Offizielle Antwort von JPMorgan
Según EFE, eine Sprecherin von JPMorgan Chase antwortete in einer Erklärung: „Obwohl wir bedauern, dass Präsident Trump uns verklagt hat, sind wir der Meinung, dass die Klage unbegründet ist. Wir respektieren das Recht von Präsident Trump, uns zu verklagen, und unser Recht, uns zu verteidigen; dafür sind die Gerichte da.“
Die Bank erklärte zudem, dass sie keine Konten aus politischen oder religiösen Gründen schließt, sondern wenn sie der Meinung ist, dass die Beziehung zu einem Kunden rechtliche oder regulatorische Risiken für das Unternehmen darstellen könnte.
„Wir bedauern, dass wir dies tun müssen“, sagte die Sprecherin, „aber oft zwingen uns die Regeln und regulatorischen Erwartungen dazu, schwierige Entscheidungen zu treffen. Wir haben sowohl diese Verwaltung als auch die vorherigen darum gebeten, die Vorschriften zu ändern, die uns in diese Position bringen.“
Die Sprecherin fügte hinzu, dass die Institution die Bemühungen der Verwaltung unterstützt, um zu verhindern, dass der Bankensektor als politisches Werkzeug eingesetzt wird.

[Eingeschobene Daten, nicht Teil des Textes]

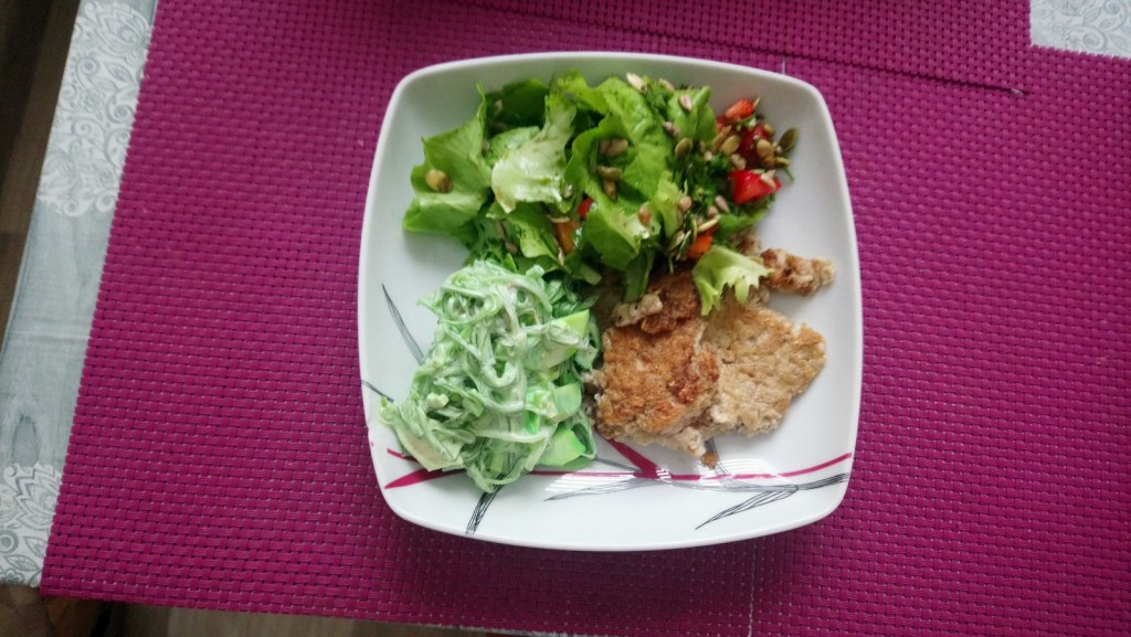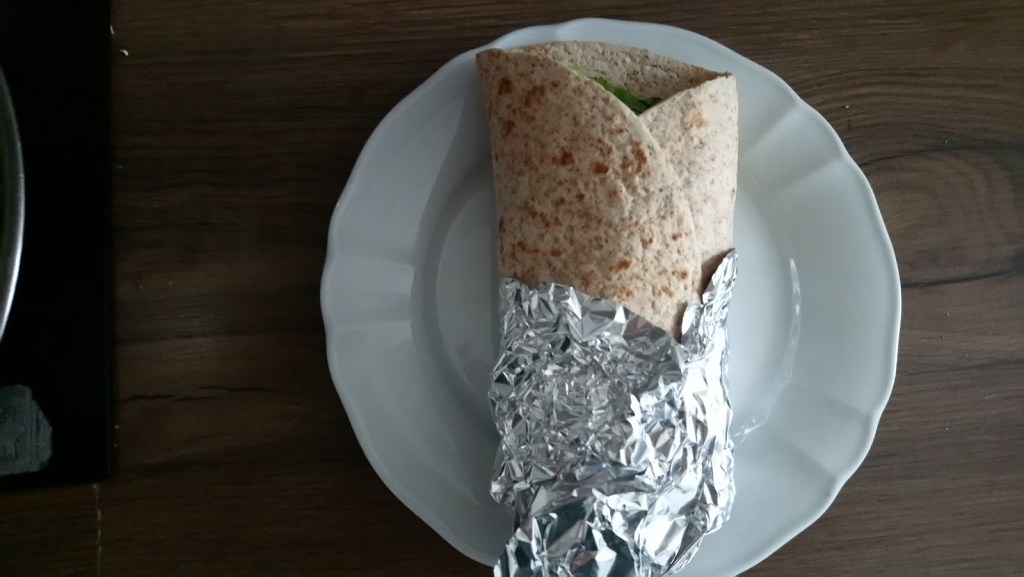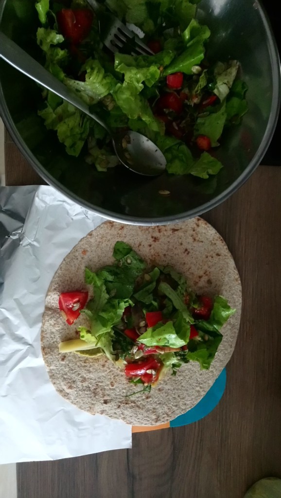 W tym wpisie doniesie tylko Wam, że dziś na śniadanie wykonała już dla siebie tą pastę z brokuła! A dodała do niej również [tak, jak w tym przepisie] 2 jaja, pestki słonecznika [te jednak tak wsypała po prostu ze swojej puszki, więc z pewnością było ich więcej niż te 2 łyżki:P], zamiast jogurtu, dodała jednak i chrzan i musztardę, a zrobiła sobie z tą pastą na dzisiaj właśnie Wrapa, do którego dodała oczywiście zrobioną również sałatkę, to wszystko uwieczniła na poniższych zdjęciach: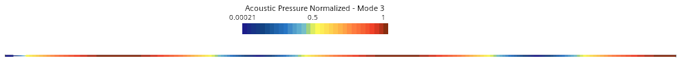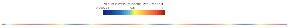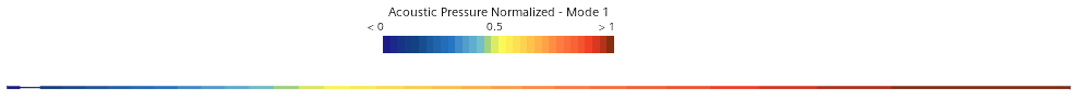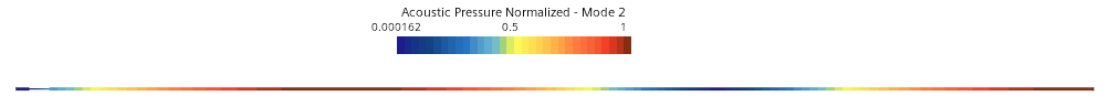 标量场函数 标准化声学压力 - 选择节点,并从 1 到 6 编辑声学模态的值。标准化声学压力标量场景中的图像显示中间面部分所有 6 个声学模态的标准化声学压力(声学压力从 0-1 变化)。以下图像显示模态 1-6:模态 1: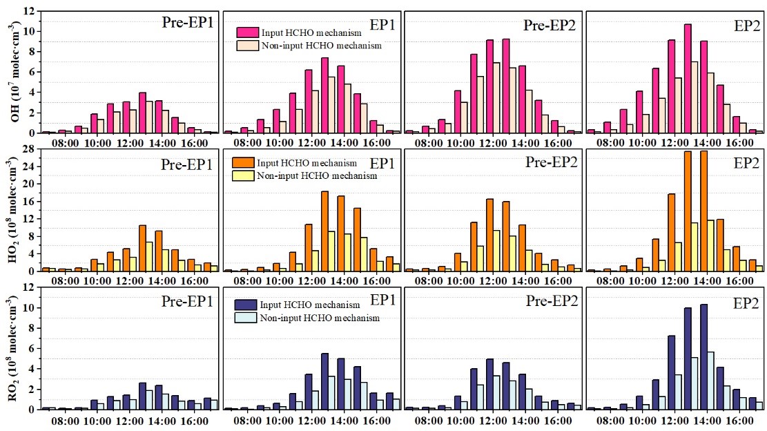 近日,中国科学院城市环境研究所陈进生研究团队在大气科学领域权威学术期刊《Atmospheric Chemistry and Physics》发表题为Exploring the amplified role of HCHO in the formation of HMS and O3 during the co-occurring PM2.5 and O3 pollution in a coastal city of southeast China的研究论文。该论文基于大气环境观测超级站开展大气污染物、光化学参数和气象因子等实时在线观测,结合基于观测盒子模型RACM2、CAPRAM 3.0 和MCM机制,阐明了大气O3和PM2.5双高污染过程甲醛HCHO对羟基甲磺酸盐(HMS)的生成的影响,揭示了东南沿海地区HCHO对大气氧化能力、自由基化学和O3生成的影响机制。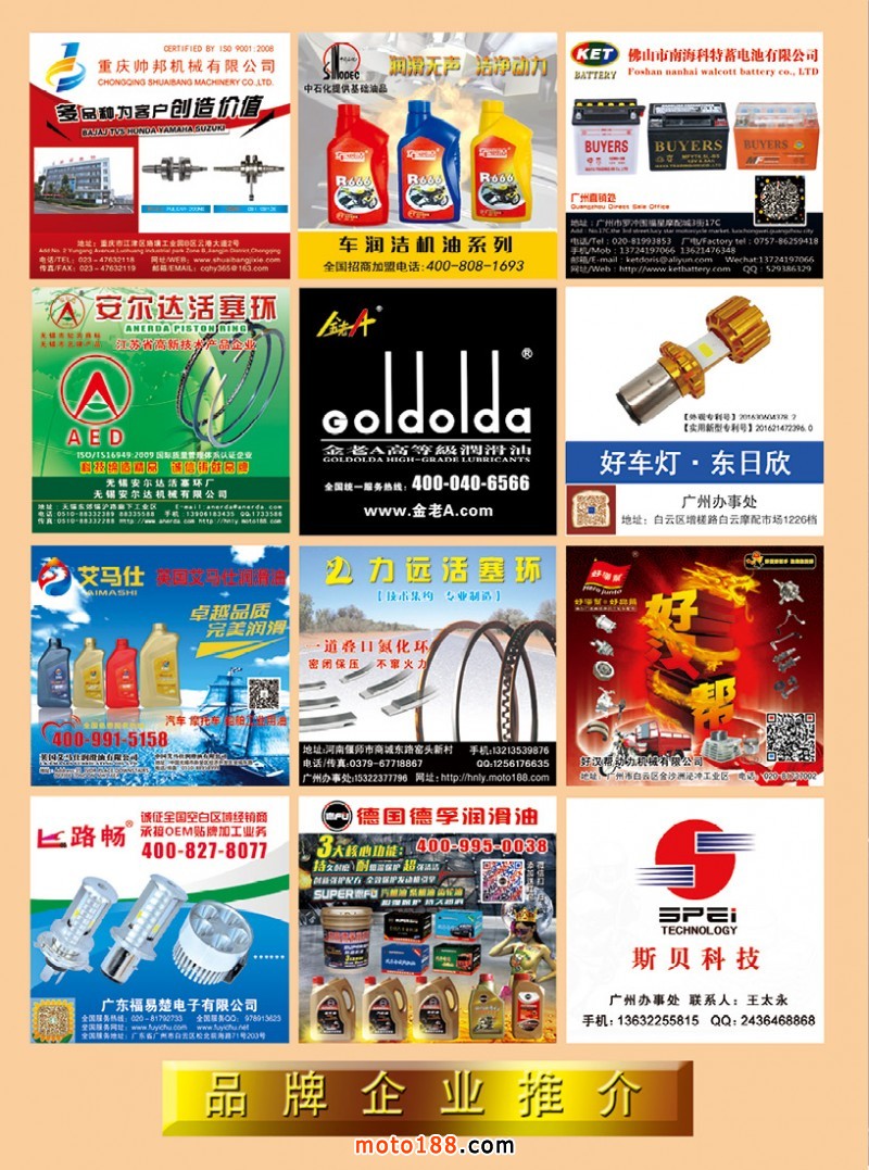 本期雜志出刊后,行業銷售季節也就開始,在今年不溫不火的摩配不景氣的狀況下,國內摩配市場輝煌已離我們而去,面對內銷雞肋般的市場,摩配的外貿出口也逐漸的失去國際市場的競爭力,取代而之的是印度摩托車,中國摩托車發展到今天有多種原因造成,不便一一而述。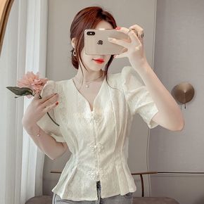 法式V领盘扣泡泡袖蕾丝衬衫女2022年夏季新款时尚...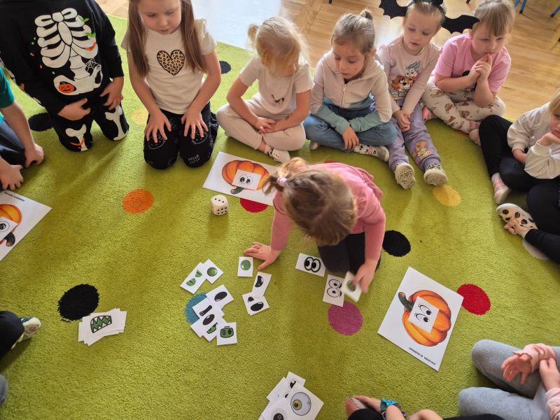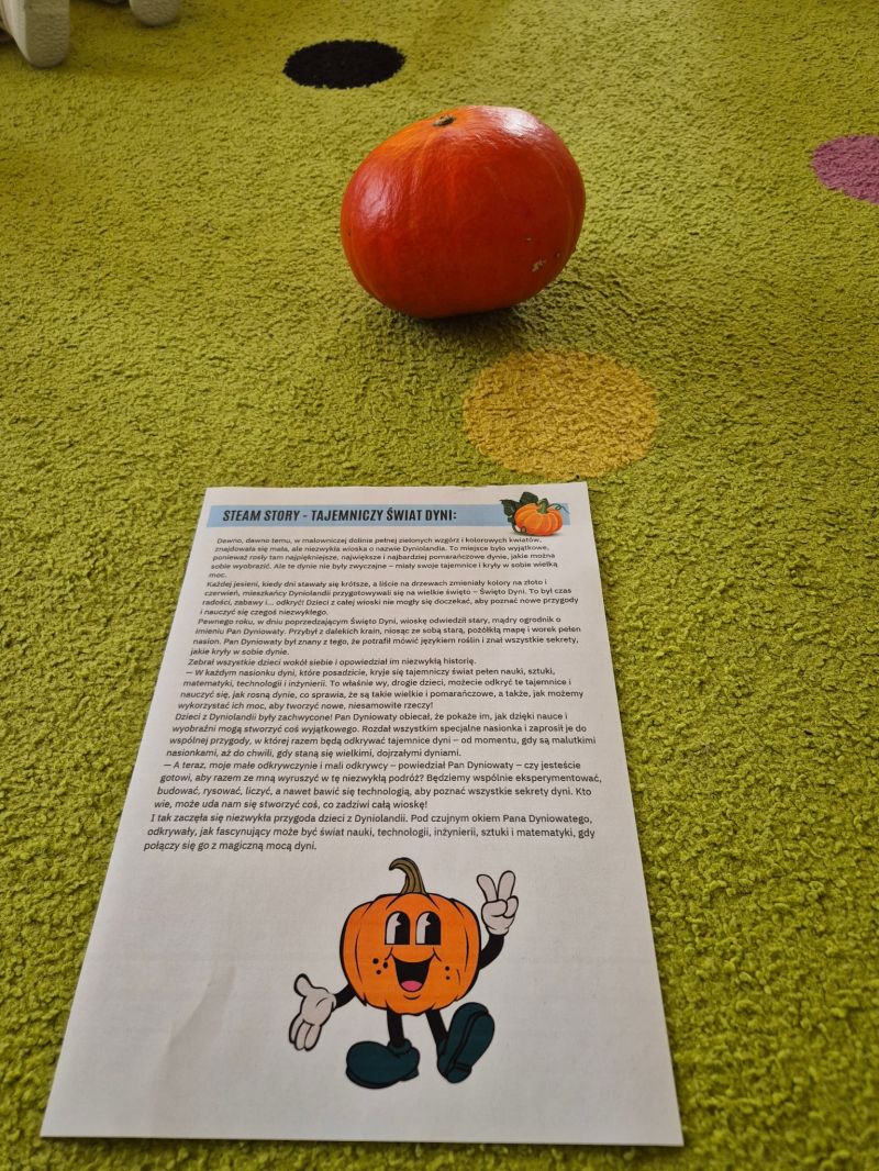 Niedźwiadki podczas dnia dyni nie tylko wspaniale się bawiły i tańczyły, ale także odkrywały tajemnice dyni. Poznały jej budowę oraz cykl życia. Doskonaliły umiejetność liczenia, wykorzystujac do tego pestki z dyni. Kodowały na macie, rozwijajac ligiczne myślenie. To był dzień wrażen i nauki w naszej STEAMowej Krainie.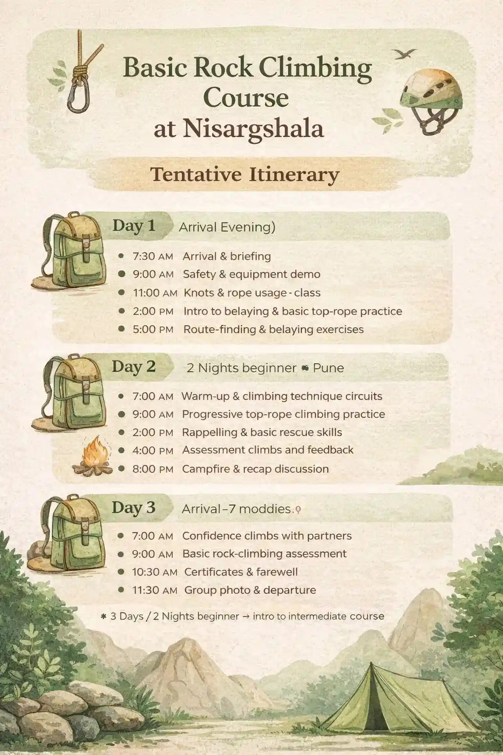 Set amidst natural rock faces and forests near Pune, the course blends technical learning with nature-based living, helping participants grow beyond the wall.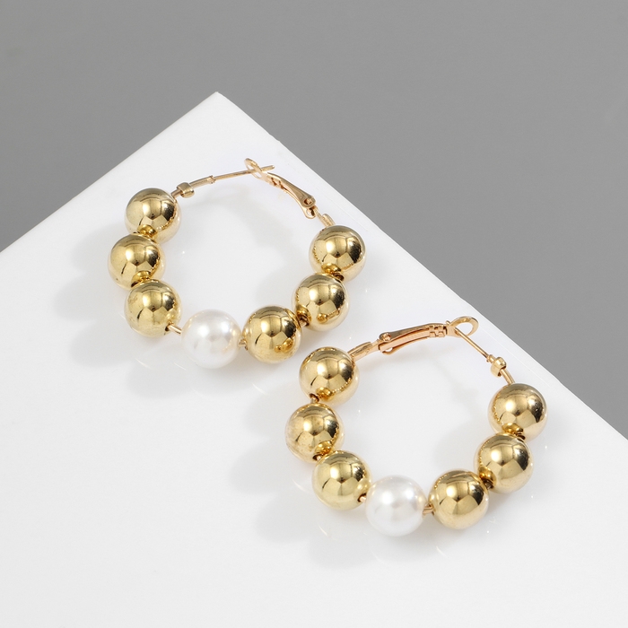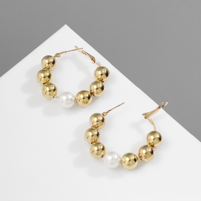 Серьги-кольца «Бусины» соединение, цвет белый в золоте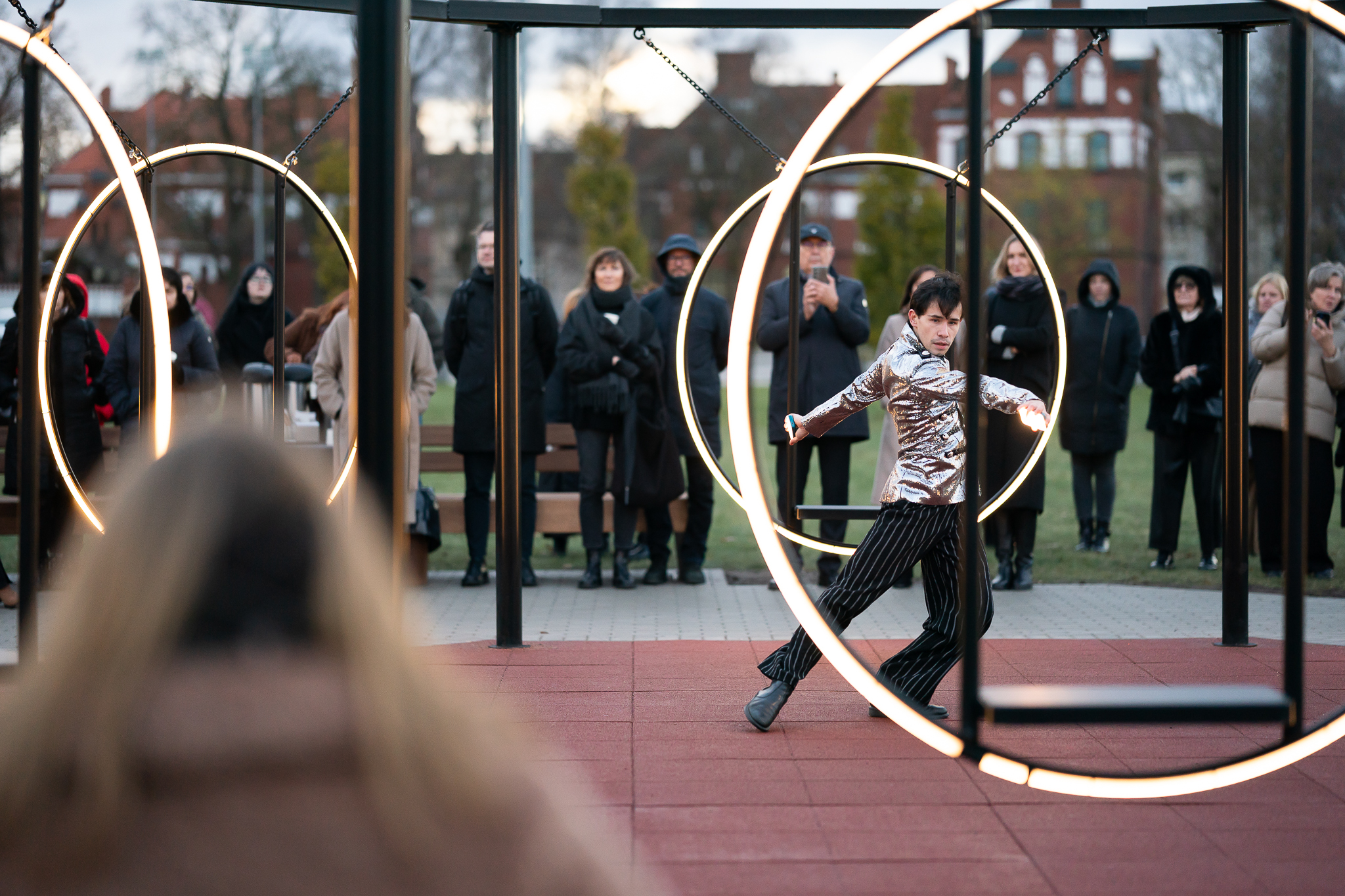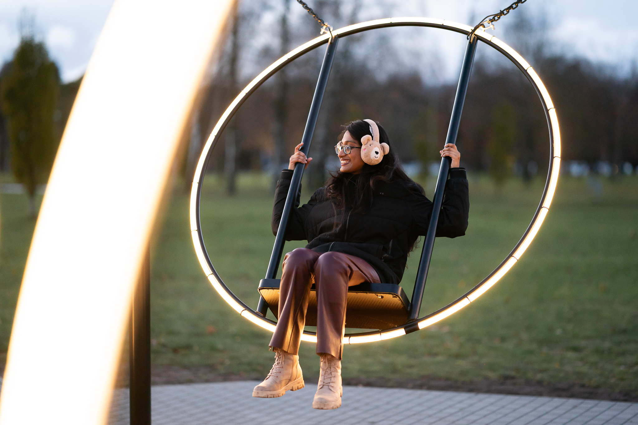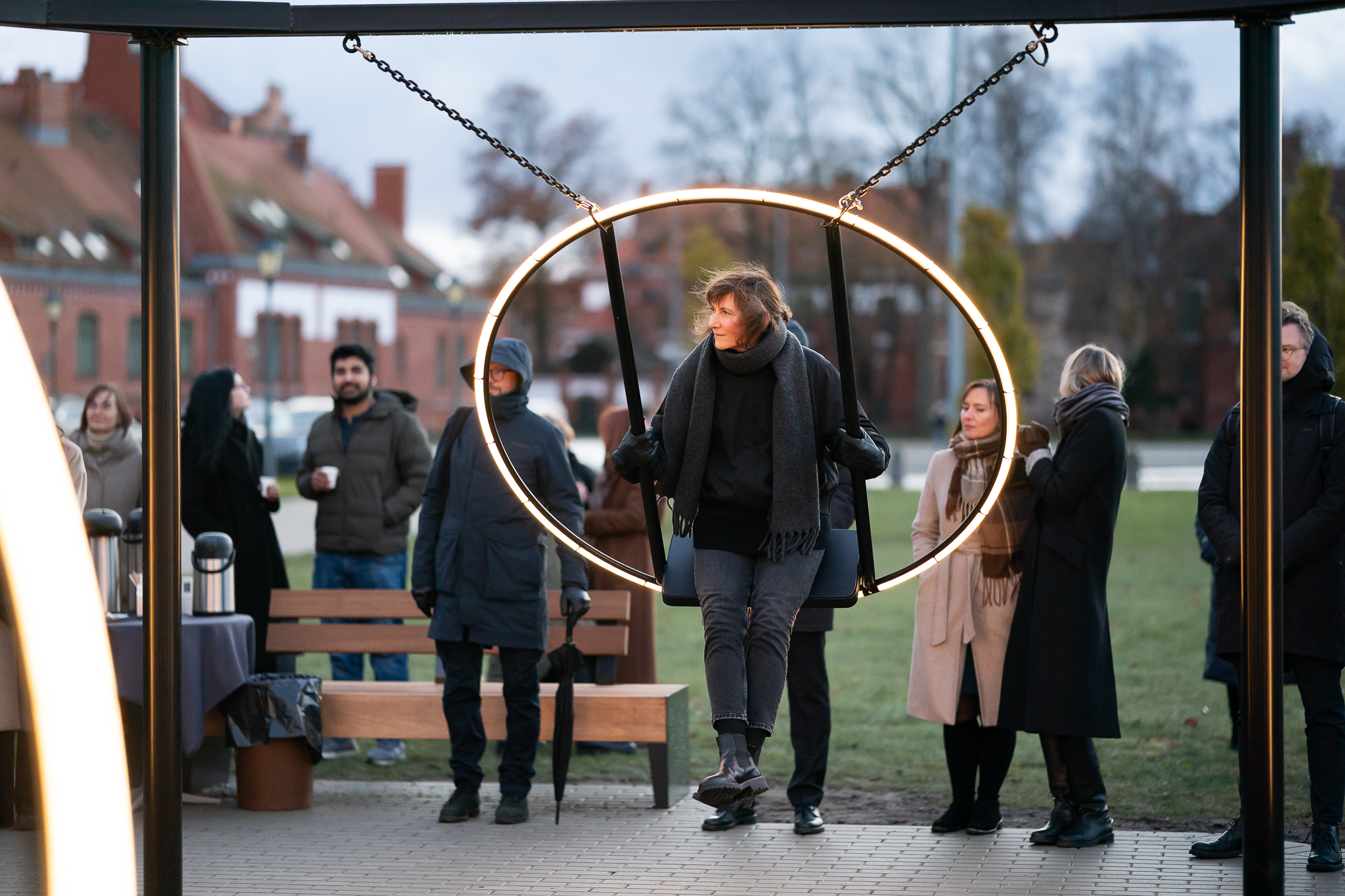 It is hoped that the new installation will become an attraction not only for the KU community, but also for Klaipėda residents and visitors to the city. This composition of eight illuminated swings invites people to experience the light of togetherness and the joy of creativity, offering a wonderful space for meetings, conversations, and perhaps even inspiration for new ideas.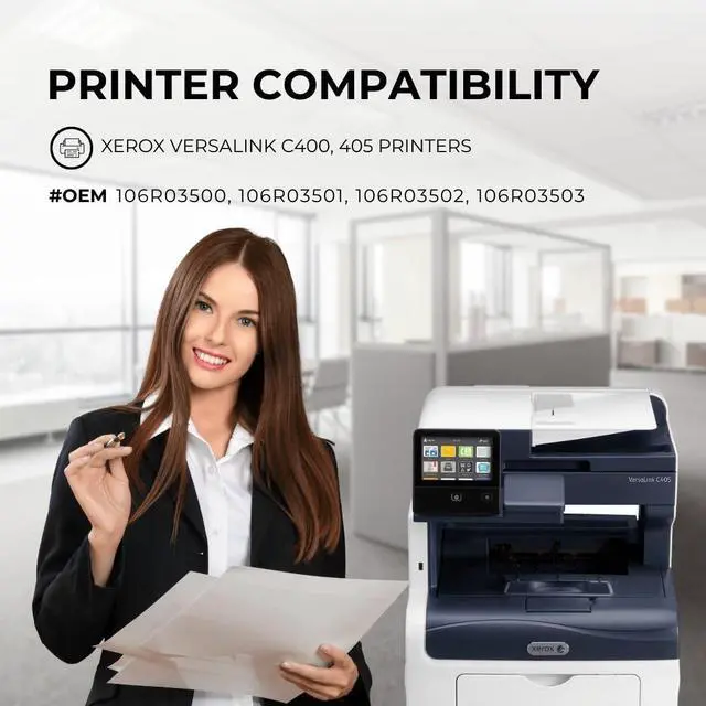 PRINTS: Engineered for fast-drying, smudge-resistant output, this high-yield VersaLink toner cartridge ensures vivid color, sharp text, and fade-resistant results from the first page to the last. Ideal for business-grade documents, hospital forms, or school reports, this compatible Xerox toner fits seamlessly into Xerox VersaLink C400 and C405 printers, delivering professional quality every time without streaks or smudges. ^^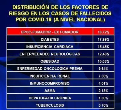 Los indicadores a nivel nacional muestran la incidencia directa del tabaquismo en el número de víctimas fatales que hasta este momento son 3.082. Tras este factor de comorbilidad, se encuentra la diabetes (con un 17,99 %), la insuficiencia cardíaca (15,45%), las enfermedades neurológicas (12,46%,) y la obesidad (19,93%) entre las causas más peligrosas.

Kontext und Motivationen von Trump
Trump hatte die Klage bereits am vergangenen Samstag über Truth Social angekündigt, wo er behauptete, dass JPMorgan seine Konten nach den Unruhen vom 6. Januar geschlossen oder eingeschränkt hatte und dies auf ungerechtfertigte und unangemessene Weise geschah.
In demselben Beitrag hat Trump auch die New York Times angegriffen, weil sie ihm — ohne Überprüfung — ein angebliches Angebot an den Chef von JPMorgan, Jamie Dimon, anvertraut hat, die Federal Reserve zu leiten oder Finanzminister zu werden. Er bezeichnete diese Berichte als „völlig falsch“ und kritisierte die Faktenüberprüfung des Mediums.
Er betonte, dass die Protestaktion am 6. Januar „für die Protestierenden richtig war“ und kritisierte die Mechanismen, die seiner Meinung nach eingesetzt werden, um ihn ungerechtfertigt aus dem Finanzsystem zu drängen.
Der Mittelpunkt des Streits
Die Klage von Trump fordert nicht nur Schadensersatz, sondern zielt darauf ab, einen Präzedenzfall für den vertraglichen Schutz von Personen und Unternehmen gegenüber Unternehmensentscheidungen zu schaffen, die politischen Motiven zugeschrieben werden.
Von der gegenüberliegenden Seite erwarten juristische Experten, dass die Verteidigung von JPMorgan argumentieren wird, dass die Entscheidungen über die Schließung von Konten auf strengen regulatorischen Rahmenbedingungen basieren, die über direkte politische Einflüsse hinausgehen.
Der Streit liegt nun in den Händen der Gerichte in Florida, wo entschieden wird, ob die von Trump behauptete Ausschluss eine rechtliche Verletzung darstellt oder ob die Finanzinstitutionen im Gegenteil die Ermessensfreiheit haben, Beziehungen zu beenden, wann immer sie dies für ihr Risikomanagement für notwendig erachten.